• _Recorded information_
►

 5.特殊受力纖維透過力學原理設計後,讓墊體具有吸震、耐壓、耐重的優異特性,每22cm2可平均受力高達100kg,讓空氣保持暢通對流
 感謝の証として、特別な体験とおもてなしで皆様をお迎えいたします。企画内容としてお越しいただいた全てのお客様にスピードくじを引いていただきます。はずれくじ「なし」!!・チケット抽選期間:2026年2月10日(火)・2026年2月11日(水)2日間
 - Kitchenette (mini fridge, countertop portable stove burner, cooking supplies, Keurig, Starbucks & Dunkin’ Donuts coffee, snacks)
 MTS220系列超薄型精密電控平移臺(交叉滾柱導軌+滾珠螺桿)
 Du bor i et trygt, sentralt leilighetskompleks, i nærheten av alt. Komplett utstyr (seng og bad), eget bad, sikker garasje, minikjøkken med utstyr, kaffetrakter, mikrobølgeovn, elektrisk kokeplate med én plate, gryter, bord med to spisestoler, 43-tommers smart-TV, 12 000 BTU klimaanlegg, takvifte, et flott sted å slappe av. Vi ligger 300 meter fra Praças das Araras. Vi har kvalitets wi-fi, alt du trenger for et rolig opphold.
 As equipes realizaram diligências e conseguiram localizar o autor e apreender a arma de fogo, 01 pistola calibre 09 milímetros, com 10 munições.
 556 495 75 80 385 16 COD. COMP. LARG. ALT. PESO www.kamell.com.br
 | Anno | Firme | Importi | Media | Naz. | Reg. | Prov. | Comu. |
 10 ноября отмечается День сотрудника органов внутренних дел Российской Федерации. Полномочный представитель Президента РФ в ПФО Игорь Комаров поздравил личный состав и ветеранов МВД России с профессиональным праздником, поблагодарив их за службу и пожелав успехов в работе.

◄
►

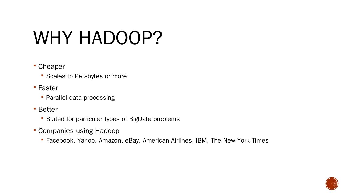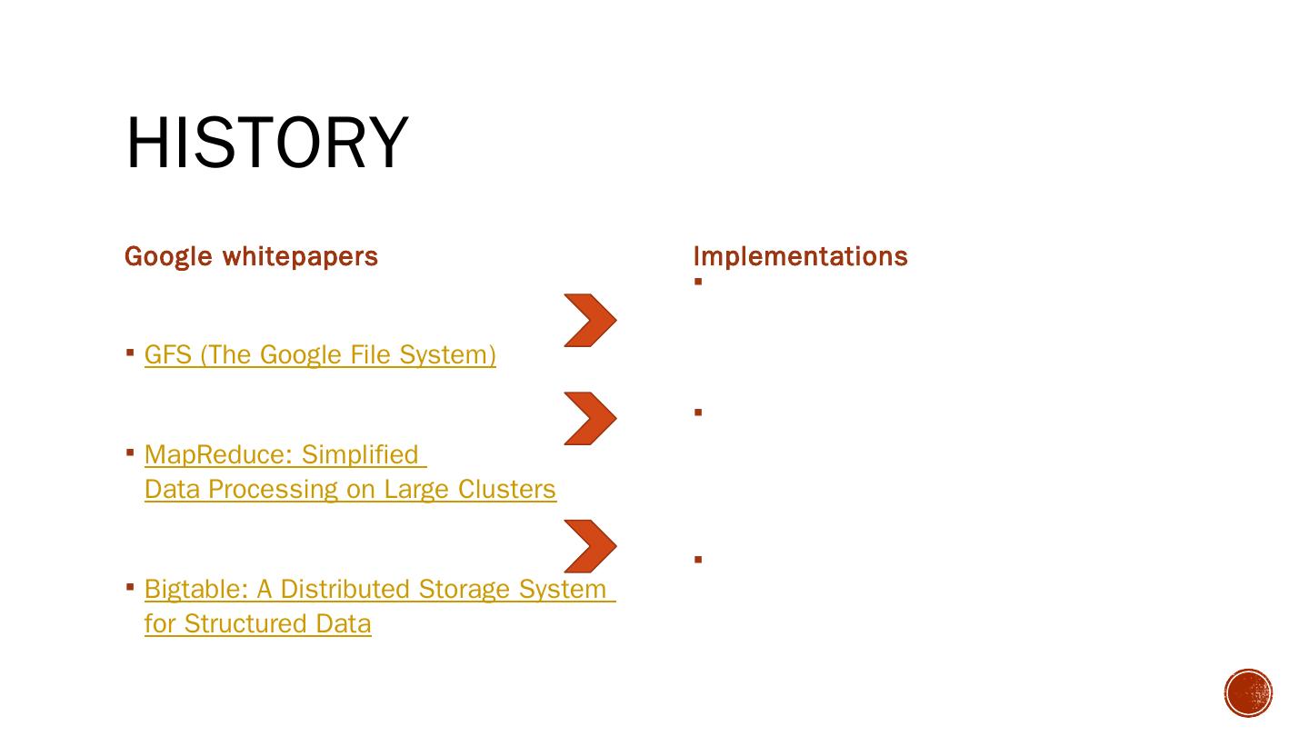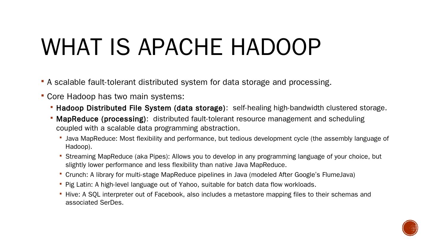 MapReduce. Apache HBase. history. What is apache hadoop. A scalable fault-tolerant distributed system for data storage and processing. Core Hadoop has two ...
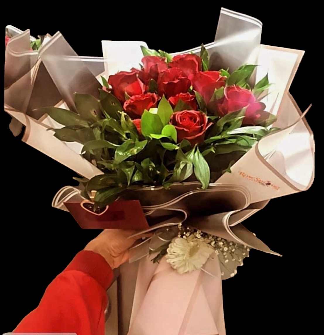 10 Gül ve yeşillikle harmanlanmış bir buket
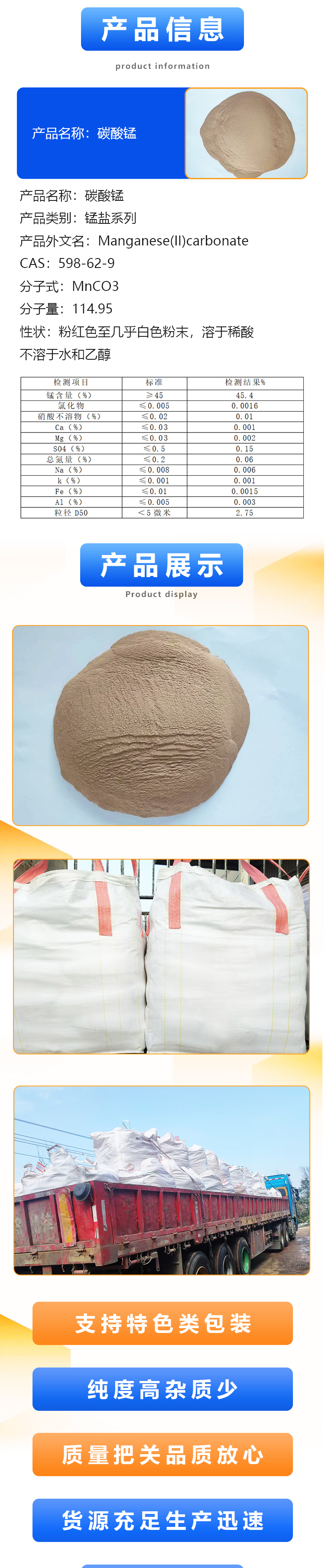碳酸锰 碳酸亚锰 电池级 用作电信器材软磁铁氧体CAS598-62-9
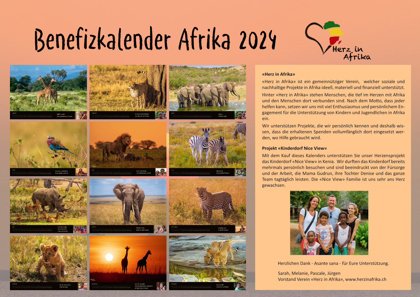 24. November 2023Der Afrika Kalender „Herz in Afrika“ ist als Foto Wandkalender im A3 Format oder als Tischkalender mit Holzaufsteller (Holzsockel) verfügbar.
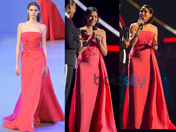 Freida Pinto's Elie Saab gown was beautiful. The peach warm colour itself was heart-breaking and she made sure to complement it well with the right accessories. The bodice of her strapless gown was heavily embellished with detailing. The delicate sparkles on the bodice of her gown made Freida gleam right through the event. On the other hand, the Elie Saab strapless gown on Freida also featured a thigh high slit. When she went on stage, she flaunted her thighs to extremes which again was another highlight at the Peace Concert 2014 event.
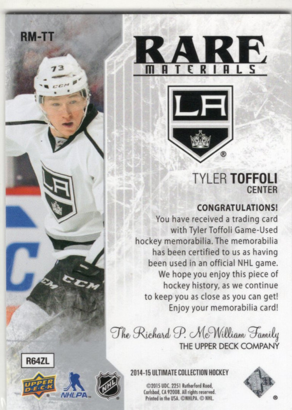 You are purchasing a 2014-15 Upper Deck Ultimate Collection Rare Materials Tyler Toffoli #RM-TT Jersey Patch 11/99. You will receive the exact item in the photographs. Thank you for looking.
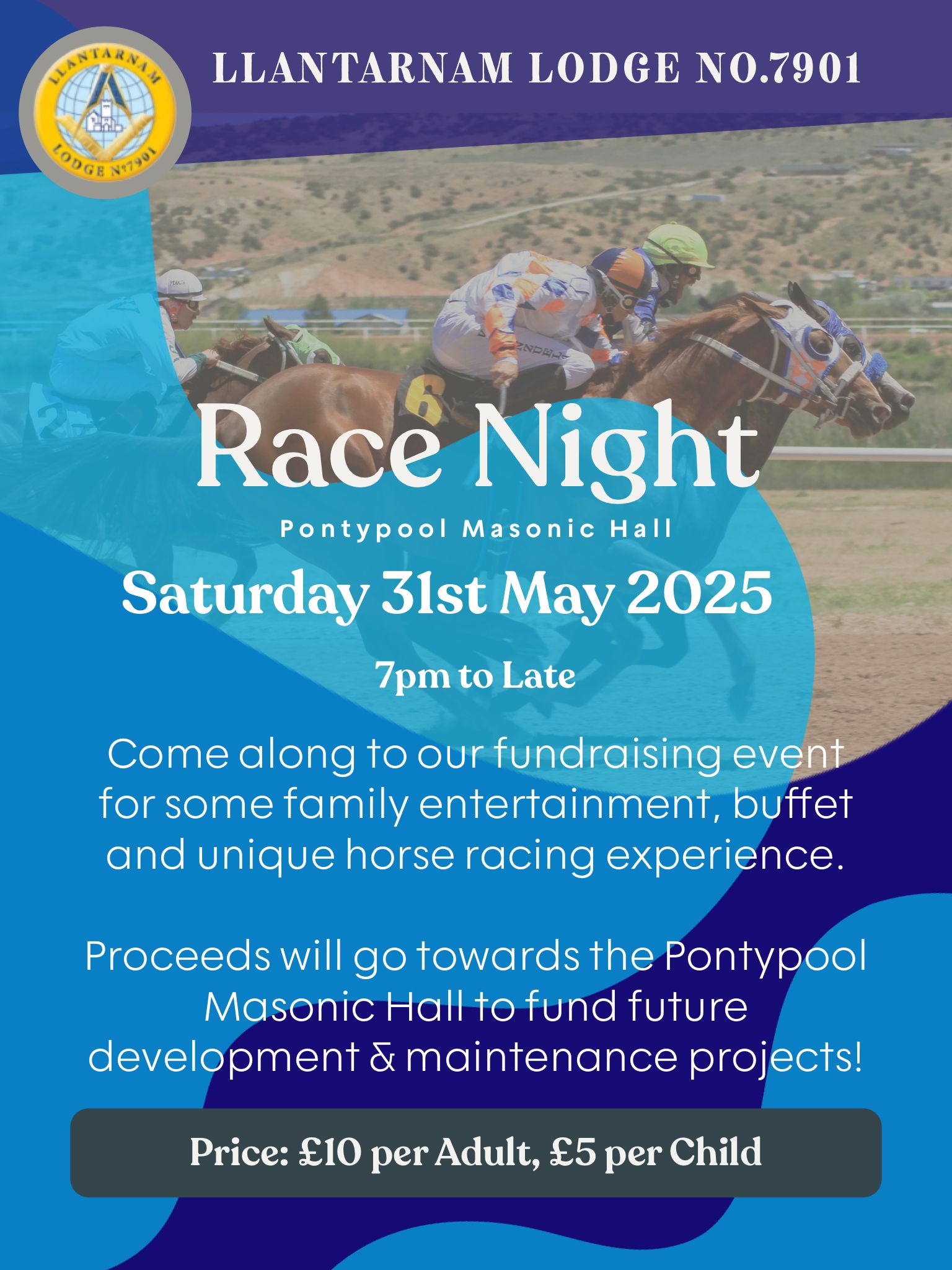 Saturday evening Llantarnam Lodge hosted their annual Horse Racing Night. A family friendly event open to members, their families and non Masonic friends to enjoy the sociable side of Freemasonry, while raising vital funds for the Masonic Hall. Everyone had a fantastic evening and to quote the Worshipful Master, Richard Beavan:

◄
►

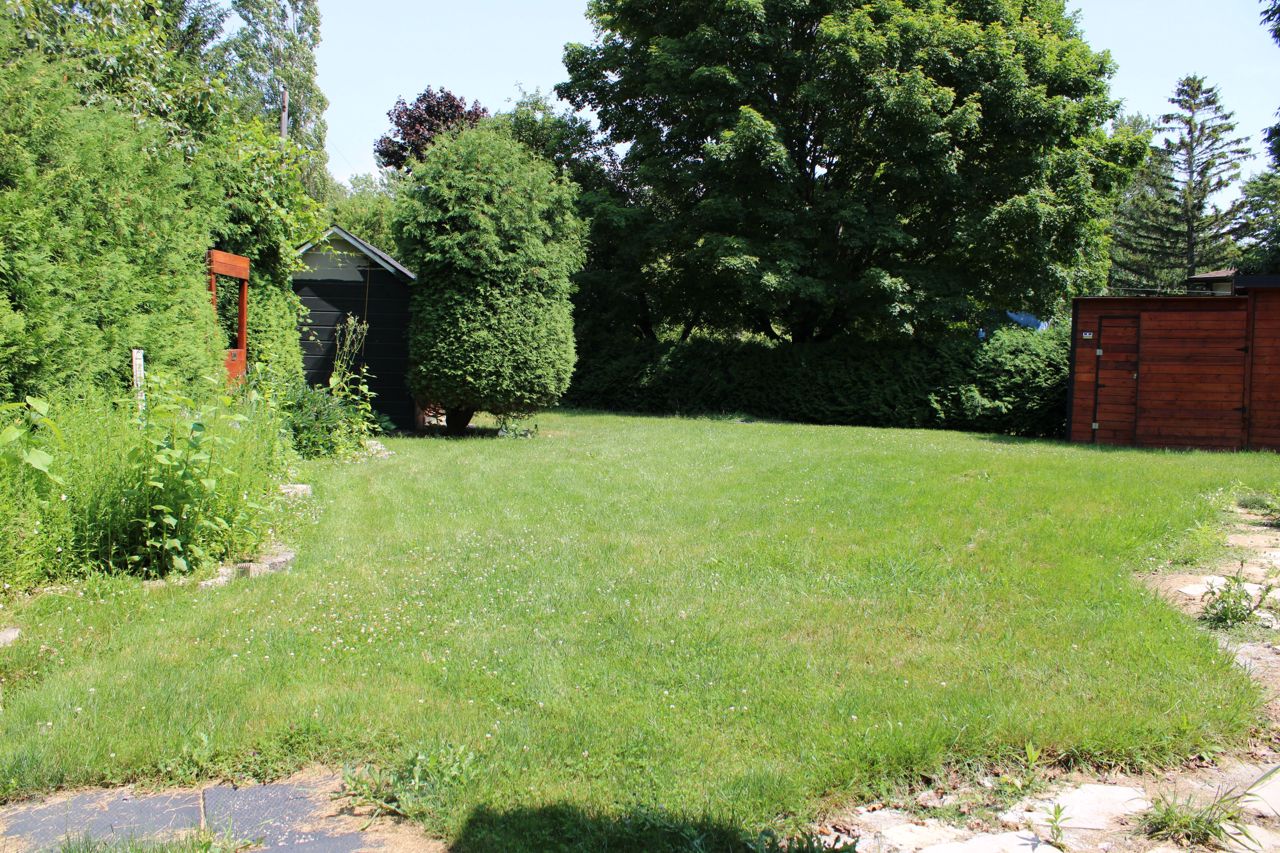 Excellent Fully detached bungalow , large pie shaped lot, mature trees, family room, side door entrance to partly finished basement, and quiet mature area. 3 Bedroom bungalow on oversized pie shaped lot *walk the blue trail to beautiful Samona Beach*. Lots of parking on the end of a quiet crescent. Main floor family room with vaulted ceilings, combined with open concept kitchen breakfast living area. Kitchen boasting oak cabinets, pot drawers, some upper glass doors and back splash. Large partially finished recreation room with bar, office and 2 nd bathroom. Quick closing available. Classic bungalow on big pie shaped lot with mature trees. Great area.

◄

• _Work item_
Above are some records; extract exactly the lines from the one containing "10 Gül ve yeşillikle harmanlanmış bir buket" through the one containing "You are purchasing" and drop the pictures.

• _Exercise solution_
 10 Gül ve yeşillikle harmanlanmış bir buket
碳酸锰 碳酸亚锰 电池级 用作电信器材软磁铁氧体CAS598-62-9
 24. November 2023Der Afrika Kalender „Herz in Afrika“ ist als Foto Wandkalender im A3 Format oder als Tischkalender mit Holzaufsteller (Holzsockel) verfügbar.
 Freida Pinto's Elie Saab gown was beautiful. The peach warm colour itself was heart-breaking and she made sure to complement it well with the right accessories. The bodice of her strapless gown was heavily embellished with detailing. The delicate sparkles on the bodice of her gown made Freida gleam right through the event. On the other hand, the Elie Saab strapless gown on Freida also featured a thigh high slit. When she went on stage, she flaunted her thighs to extremes which again was another highlight at the Peace Concert 2014 event.
 You are purchasing a 2014-15 Upper Deck Ultimate Collection Rare Materials Tyler Toffoli #RM-TT Jersey Patch 11/99. You will receive the exact item in the photographs. Thank you for looking.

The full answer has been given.